超声波激励下铝板表面液滴群输运特性的研究

吴馨(), 龚建英(), 靳龙, 王宇涛, 黄睿宁   

  1. 西安交通大学能源与动力工程学院,热流科学与工程教育部重点实验室,陕西 西安 710049
  • 收稿日期:2022-11-12 修回日期:2022-12-25 出版日期:2023-06-05 发布日期:2023-09-27
  • 通讯作者: 龚建英
  • 作者简介:吴馨(1996—),女,博士研究生,wx3119103247@stu.xjtu.edu.cn
  • 基金资助:
    国家自然科学基金项目(51776149)

Study on the transportation characteristics of droplets on the aluminium surface under ultrasonic excitation

Xin WU(), Jianying GONG(), Long JIN, Yutao WANG, Ruining HUANG   

  1. MOE Key Laboratory of Thermo-Fluid Science and Engineering, School of Energy and Power Engineering, Xi’an Jiaotong University, Xi’an 710049, Shaanxi, China
  • Received:2022-11-12 Revised:2022-12-25 Online:2023-06-05 Published:2023-09-27
  • Contact: Jianying GONG

摘要:

实验研究了超声波激励下水平铝板表面液滴群的输运特性,探究了超声功率、初始液滴体积和疏水性对液滴群运动过程的影响。结果表明,液滴群运动聚结及蒸发时间均与超声功率呈负相关,而与初始液滴体积及表面接触角呈正相关。随着超声功率的增大,液滴群粒径分布更均匀,最小运动聚结时间为12 s,同时蒸发时间最多可缩短46 s。随着初始液滴体积的增大,液滴群粒径分布均匀性减弱但聚结现象增强。疏水表面不仅能优化液滴群粒径分布,还能增强运动聚结过程。与裸铝表面相比,疏水表面上液滴群运动聚结时间增加17 s左右,蒸发时间可延长62 s。研究证实超声波具有抑制结霜的可行性。

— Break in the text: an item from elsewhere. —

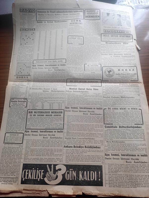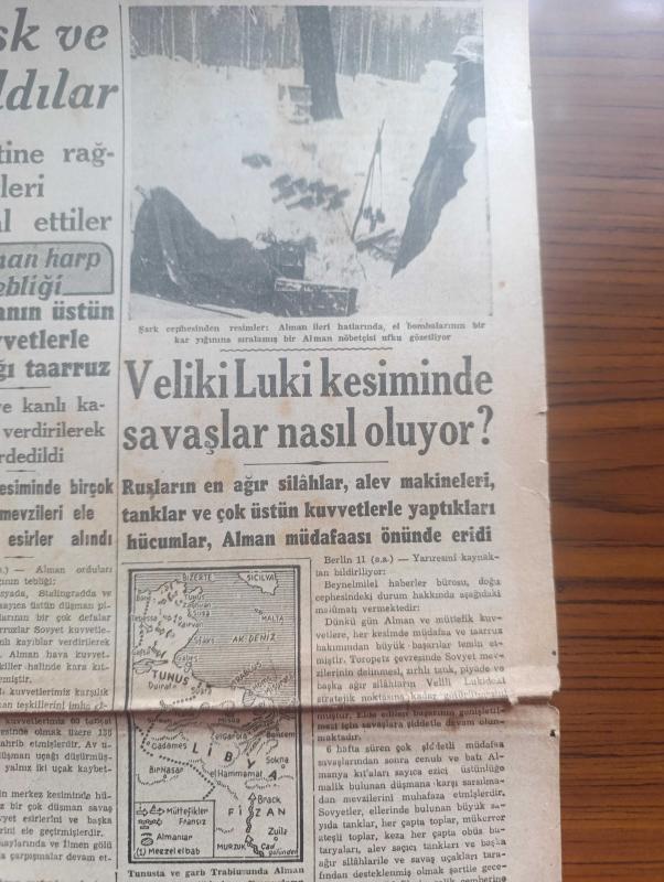 Cumhuriyet Gazetesi - 12 İkincikanun (Ocak) 1943 - İki taraflı güçlükler Cumhuriyet başmakale - yurtta karakış başladı fotoğraf - Ruslar Georgievsk Ve Piatigorsku geri aldılar - Veliki Luiki mevsiminde savaşlar nasıl oluyor - şark cephesinden fotoğraflar - Alman harp tebliği düşmanın Üstün kuvvetlerle yaptığı taarruz ağır ve Kanlı kayıplar verdirilerek tardedildi - general Giraud'un teşkil edeceği Ordu - atlantik'teki büyük savaş - Varlık vergisi tahsilatı dün İstanbul'da 1.343.737 lira ödendi - Harbin dördüncü yılında tarafsız Türkiye - Askeri Vaziyet Yazan Emekli General H. Emir Erkilet Yazı Dizisi - Fransa'nın Alman işgaline geçen limanlarında makineli muhafız birlikleri fotoğraf - Kahire sokaklarında filmi Çemberlitaş sinemasında - kanlı meydan filmi yalnız İpek sinemasında - beni tarih kitapları müsabakası - haftanın muayen günlerinde halka balık verilecek - kar izleri örttü yazan Henri Bordeaux Yazı Dizisi - korsan Kaptan filmi Perşembe akşamı elhamra sinemasında - altın 31 lira adlı eser, Kitap > Süreli Yayınlar > Gazeteler > Türkiye > Genel > Günlük kategorisinde İkinci El olarak satıştadır.

关键词: 超声波, 液滴群, 疏水性, 聚结, 蒸发, 表面

Abstract:

The transportation characteristics of droplets on the horizontal aluminum surface under ultrasonic excitation are experimentally studied. In this study, the effects of ultrasonic power, initial droplet volume, and hydrophobicity on the movement process of droplets are explored. The research results indicate that the motion coalescence time and evaporation time of droplets are negatively correlated with ultrasonic power, but positively correlated with initial droplet volume and surface contact angle. With the increase of ultrasonic power, the particle size distribution uniformity of droplets increases, and the minimum motion coalescence time is 12 s, and the evaporation time can be shortened by 46 s at most. With the increase of the initial droplet volume, the particle size distribution uniformity of droplets weakens but the motion coalescence phenomenon increases. The hydrophobic surface can not only optimize the particle size distribution of droplets, but also enhance the motion coalescence process. Compared with the bare aluminum surface, the motion coalescence time of droplets on hydrophobic surface increases by about 17 s, and the evaporation time of droplets on hydrophobic surface can be extended by 62 s. This study confirms that ultrasound is feasible to inhibit frost formation.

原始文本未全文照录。